***** Data supplied

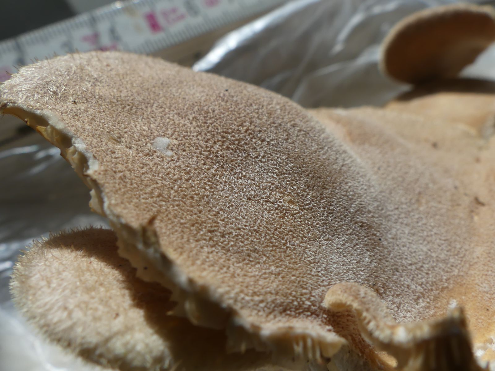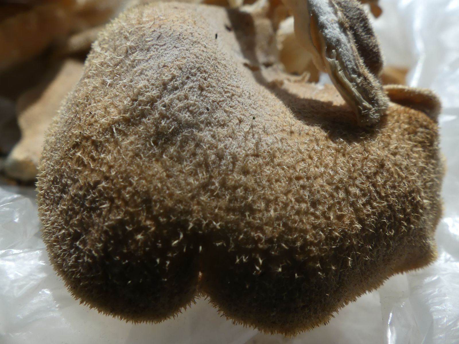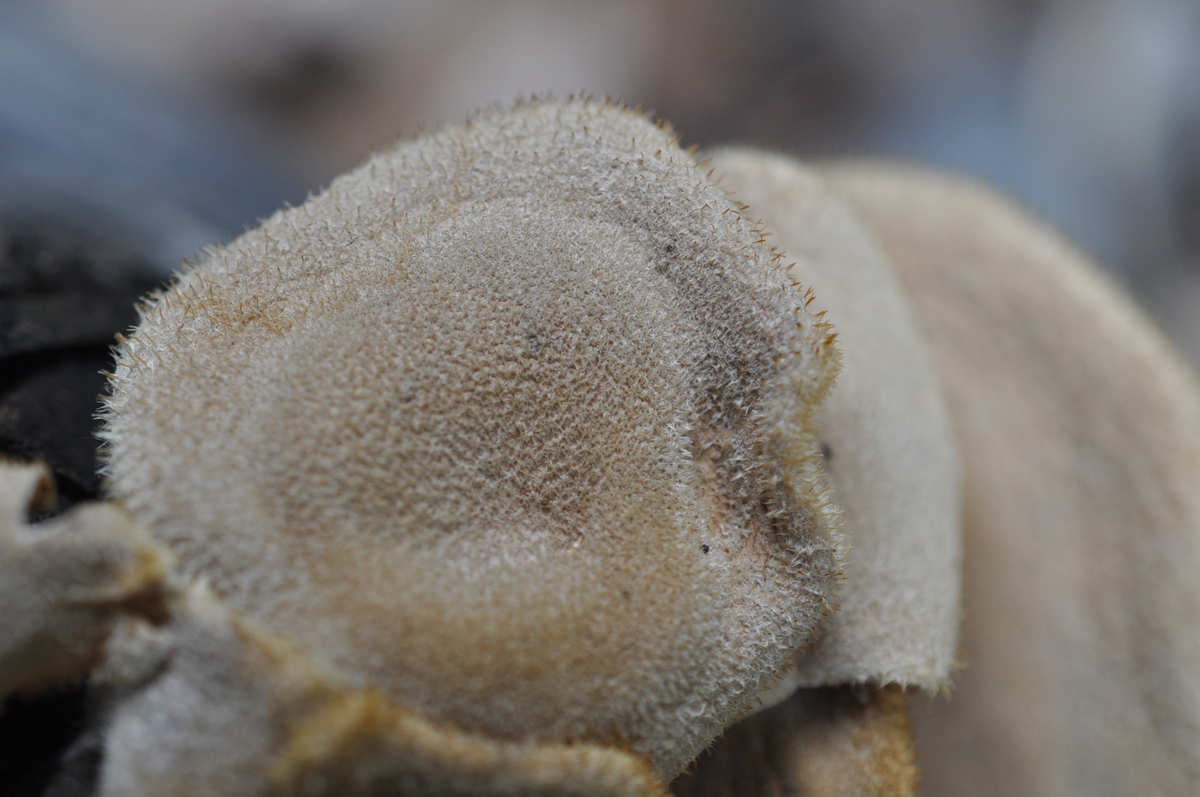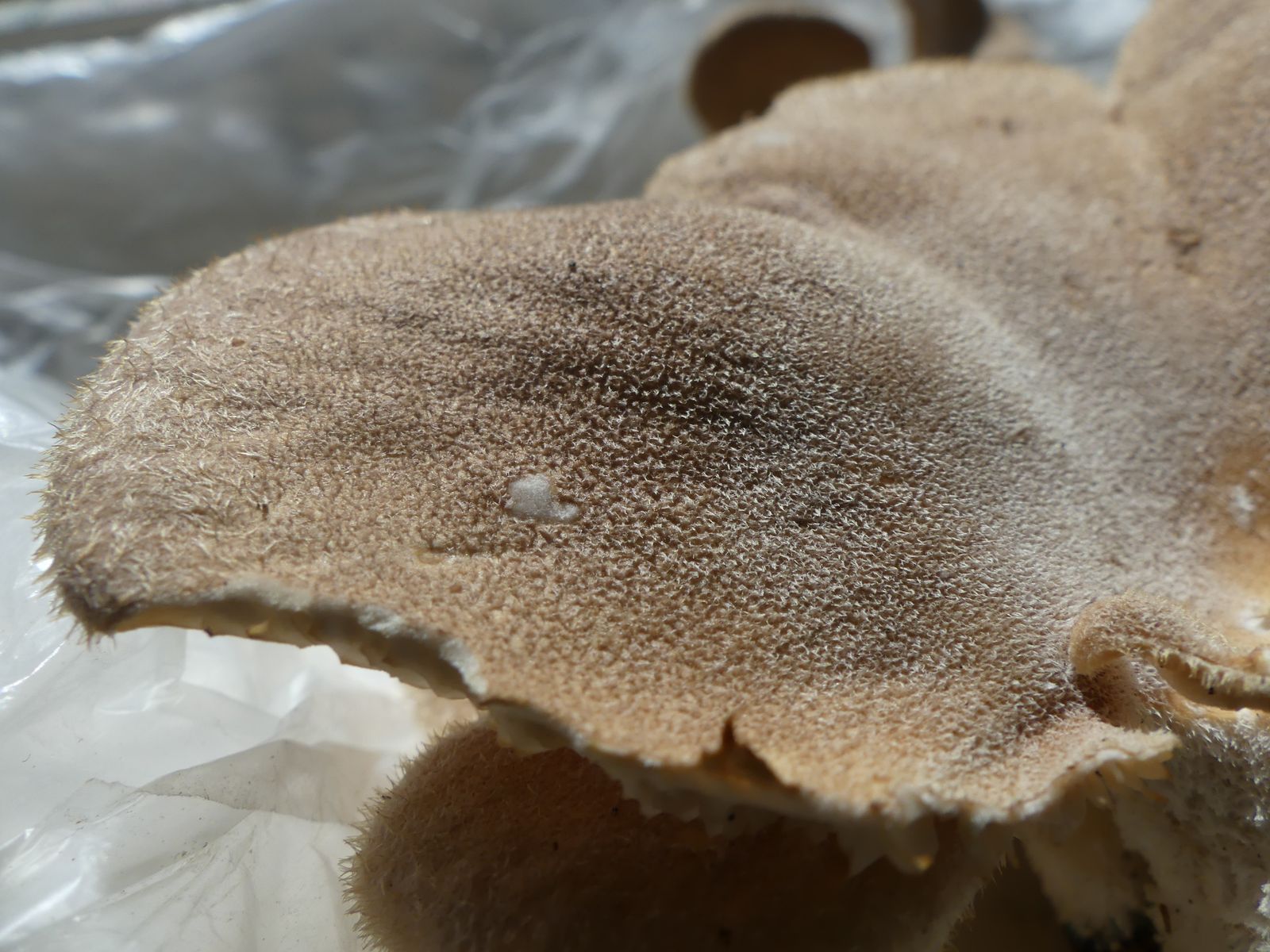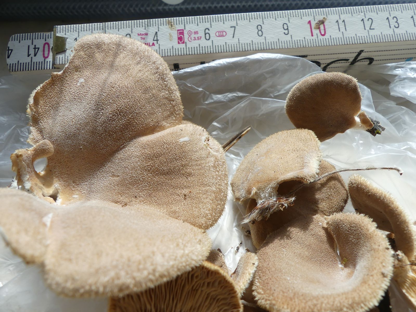 Heute habe ich diese Exemplare an einem dicken Buchenstamm gefunden, der schon ein paar Jahre im Wald liegt. Es waren einige Dutzend Fruchtkörper, die meisten nur wenige cm groß und augenscheinlich angetrocknet, da kam der Regen wohl etwas zu spät.
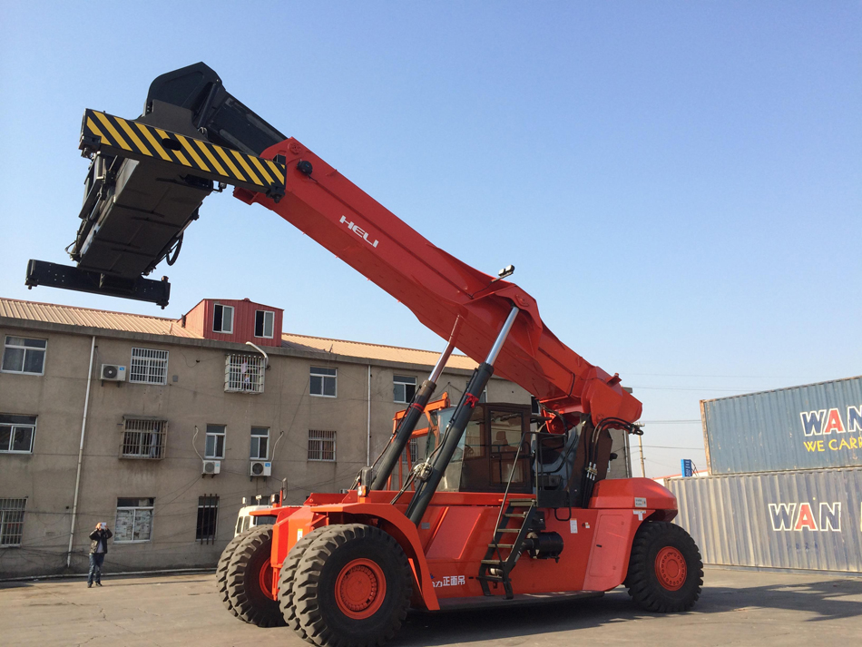 正面吊專門為20英尺和40英尺國際集裝箱而設(shè)計(jì)的,主要用于集裝箱的堆疊和碼頭、堆廠內(nèi)的水平運(yùn)輸,與叉車相比,它具有機(jī)動(dòng)靈活,操作方便,穩(wěn)定性好,輪壓較底,堆碼層數(shù)高,堆場利用率高等優(yōu)點(diǎn)。可進(jìn)行跨箱作業(yè)。特別適用于中小港口,鐵路中專站和公路中專站的集裝箱裝卸,也可在大型集裝箱碼頭作為輔助設(shè)備來使用。
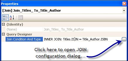 | | | 3. | Choose "Properties" from the JOIN-type dialog (shown in Figure 4.64). This opens the Visual Studio properties page for the Query Designer Join Condition and Type, as shown in Figure 4.65.
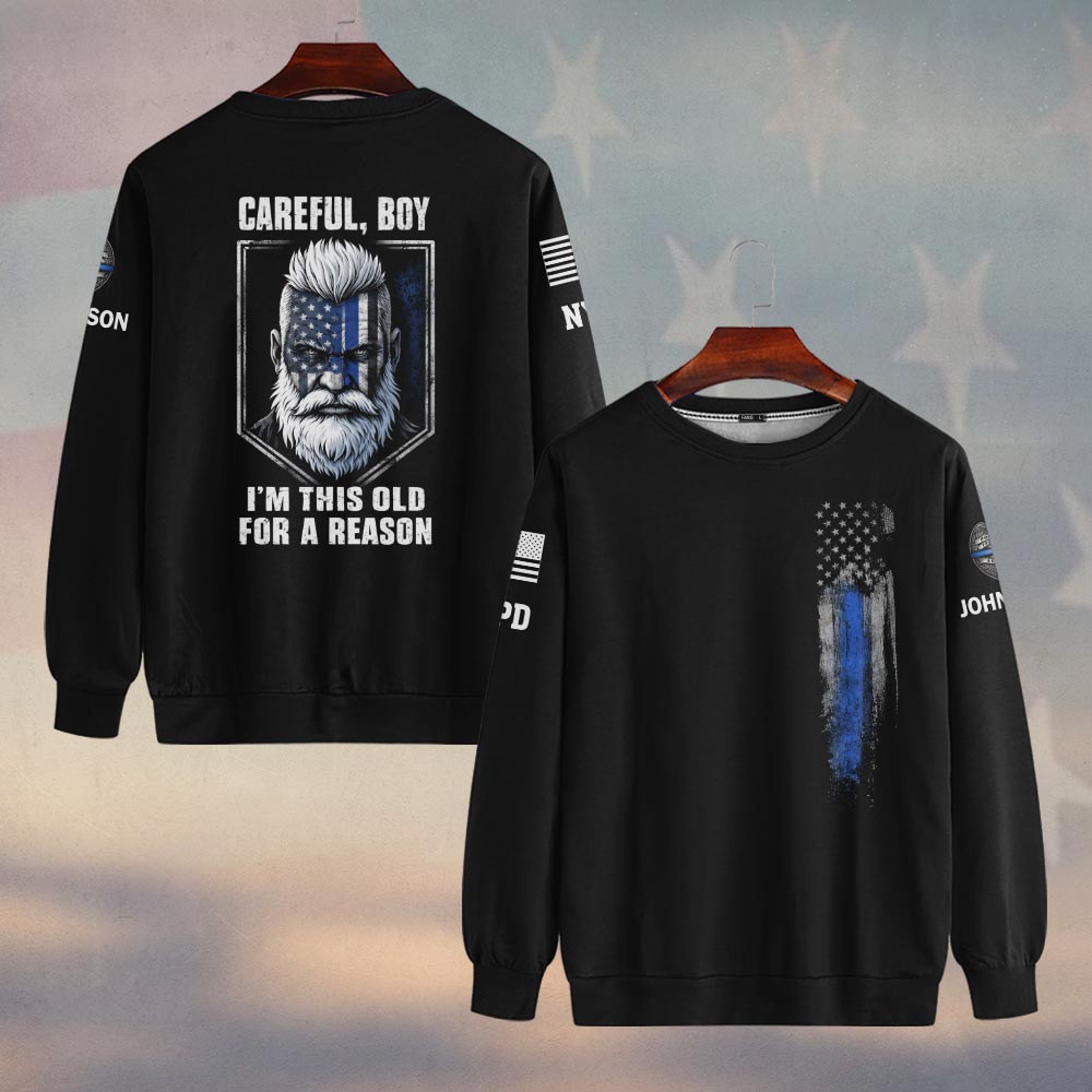 Custom Name & Department Careful Boy I’m This Old For A Reason Police Law Enforcement #DQH0480 – Sweatshirt
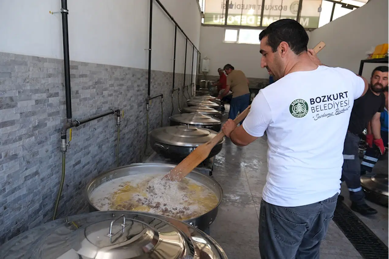 Kurban Bayramı dolayısıyla Bozkurt Meydanı'nda etkinliğin 132. yılı dolayısıyla katılımcılara, 1500 kilogram pirinç ve 760 kilogram et kullanılarak 118 kazanda yapılan etli pilav, belediye personeli tarafından dağıtıldı.
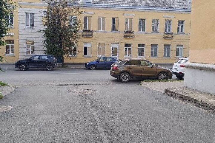 Пскович опубликовал фото, сделанное в центре Пскова, на котором видно, что пскович припарковал машину таким образом, что выезжая из-за нее многие рискуют получить удар в бок.
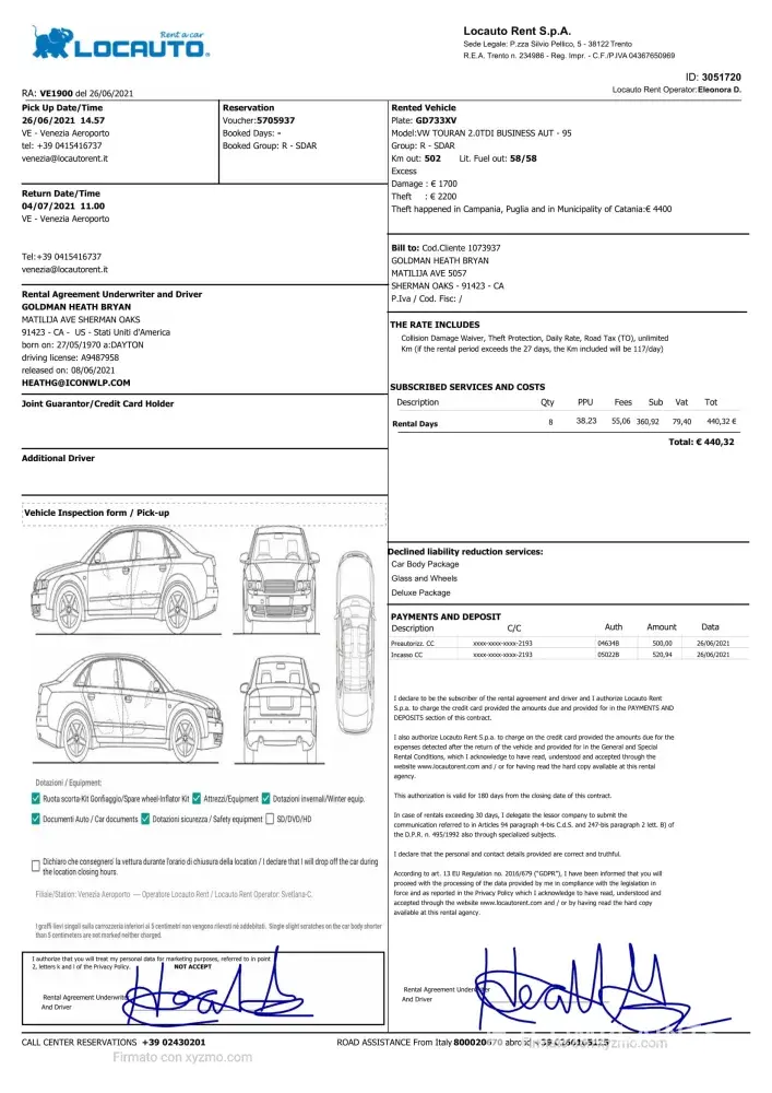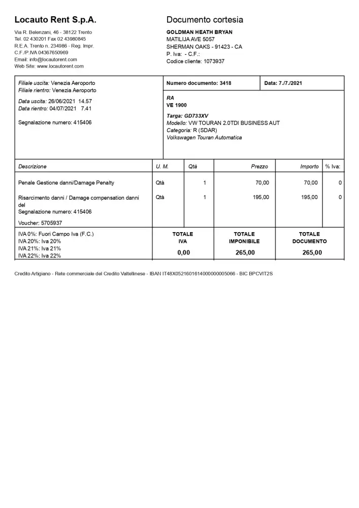 i have gone back and forth with Locautorent Venice airport Italy on damages being charged to my client Heath Goldman. when returning the car there was no mention of damages and then received an invoice and credit card being charged for 265 Euros. We took out premium access insurance for this I have gone back and forth with them and also have sent you an email but no response. the service is something to be desired. I finally received back in regards to the claim from Locautorent and I am attaching this and the other documents. We are talking about voucher number 5705937. my email is: [protected]@inter.net.il

**********

* **About this task**:
Within the entries above, give again exactly the lines starting at the one that contains "Custom Name &" and ending at the one that contains "Пскович опубликовал фото, сделанное", leaving out the pictures.

* **Reply to the task**:
 Custom Name & Department Careful Boy I’m This Old For A Reason Police Law Enforcement #DQH0480 – Sweatshirt
 Kurban Bayramı dolayısıyla Bozkurt Meydanı'nda etkinliğin 132. yılı dolayısıyla katılımcılara, 1500 kilogram pirinç ve 760 kilogram et kullanılarak 118 kazanda yapılan etli pilav, belediye personeli tarafından dağıtıldı.
 Пскович опубликовал фото, сделанное в центре Пскова, на котором видно, что пскович припарковал машину таким образом, что выезжая из-за нее многие рискуют получить удар в бок.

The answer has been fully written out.